Sharing his last moment with his father with Daily Sun in Kujama, the oldest son of the deceased, Habila Jeremiah, described his late father as a lover of all and a good example of a responsible biological and spiritual father figure.

“The news of my dad’s death came to us as a rude shock. The last moment I had with him was around 1.30pm the day he was killed. I called him over something I wanted him to send to me in Kano because that’s where I am based. But, he could not answer. I then called my younger brother for the same purpose.

“But before my brother could call back, someone called around 2pm and asked me what was happening at Ungwan Mission, Kujama. Later, my brother called to inform me that some people had killed our Dad while he was checking one of his rice farms.

“Based on what those who overheard the conversation between my dad and his killers told me, he pleaded with them to even take him with them but they said no because they have been paid to come and kill him.

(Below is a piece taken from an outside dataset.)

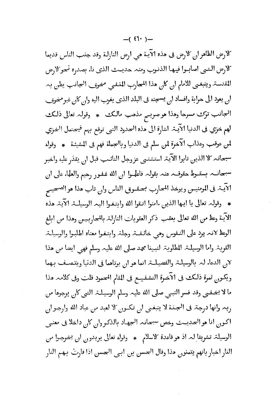 الأرض الظاهر أن الأرض في هذه الآية هي أرض النازلة وقد جنب الناس قديما الأرض التي أصابوا فيها الذنوب ومنه حديث الذي ناء بصدره نحو الأرض المقدسة وينبغي للإمام إن كان هذا المحارب المنفي مخوف الجانب يظن به أن يعود إلى حرابه وافساد أن يسجنه في البلد الذي يغرب إليه وإن كان غير مخوف الجانب ترك مسرحا وهذا هو صريح مذهب مالك وقوله تعالى ذلك لهم خزي في الدنيا الآية إشارة إلى هذه الحدود التي توقع بهم فيحتمل الخزي لمن عوقب وعذاب الآخرة لمن سلم في الدنيا وبالجملة فهم في المشيئة وقوله سبحانه إلا الذين تابوا الآية استثنى عز و جل التائب قبل أن يقدر عليه وأخبر سبحانه بسقوط حقوقه عنه بقوله فأعلموا أن الله غفور رحيم والعلماء على أن الآية في المؤمنين ويؤخذ المحارب بحقوق الناس وإن تاب هذا هو الصحيح وقوله تعالى يا أيها الذين ءامنوا اتقوا الله وابتغوا إليه الوسيلة الآية هذه الآية وعظ من الله تعالى بعقب ذكر العقوبات النازلة بالمحاربين وهذا من أبلغ الوعظ لأنه يرد على النفوس وهي خائفة وجلة وابتغوا معناه اطلبوا والوسيلة القربة وأما الوسيلة المطلوبة لنبينا محمد صلى الله عليه و سلم فهي أيضا من هذا لأن الدعاء له بالوسيلة والفضيلة إنما هو أن يؤتاهما في الدنيا ويتصف بهما ويكون ثمرة ذلك في الآخرة التشفيع في المقام المحمود قلت وفي كلامه هذا مالا يخفى وقد فسر النبي صلى الله عليه و سلم الوسيلة التي كان يرجوها من ربه وأنها درجة في الجنة لا ينبغي أن تكون إلا لعبد من عباد الله وأرجو أن أكون أنا هو الحديث وخص سبحانه الجهاد بالذكر وإن كان داخلا في معنى الوسيلة تشريفا له إذ هو قاعدة الإسلام وقوله تعالى يريدون أن يخرجوا من النار إخبار بأنهم يتمنون هذا وقال الحسن بن أبي الحسن إذا فارت بهم النار

People saw what happened and they brought the news.

“After shooting him in the head, they left him in his pool of blood and went away with his motorcycle, his bag, and his mobile phone which was why our mother could not reach him earlier.

“The government should act because this is getting out of hand. The government should not wait until people resort to self-help because that will be too bad for the country. We demand justice for our father to show if truly the government is committed to our safety.”

Meanwhile, police sources disclosed that there is manhunt for the perpetrators of the evil act.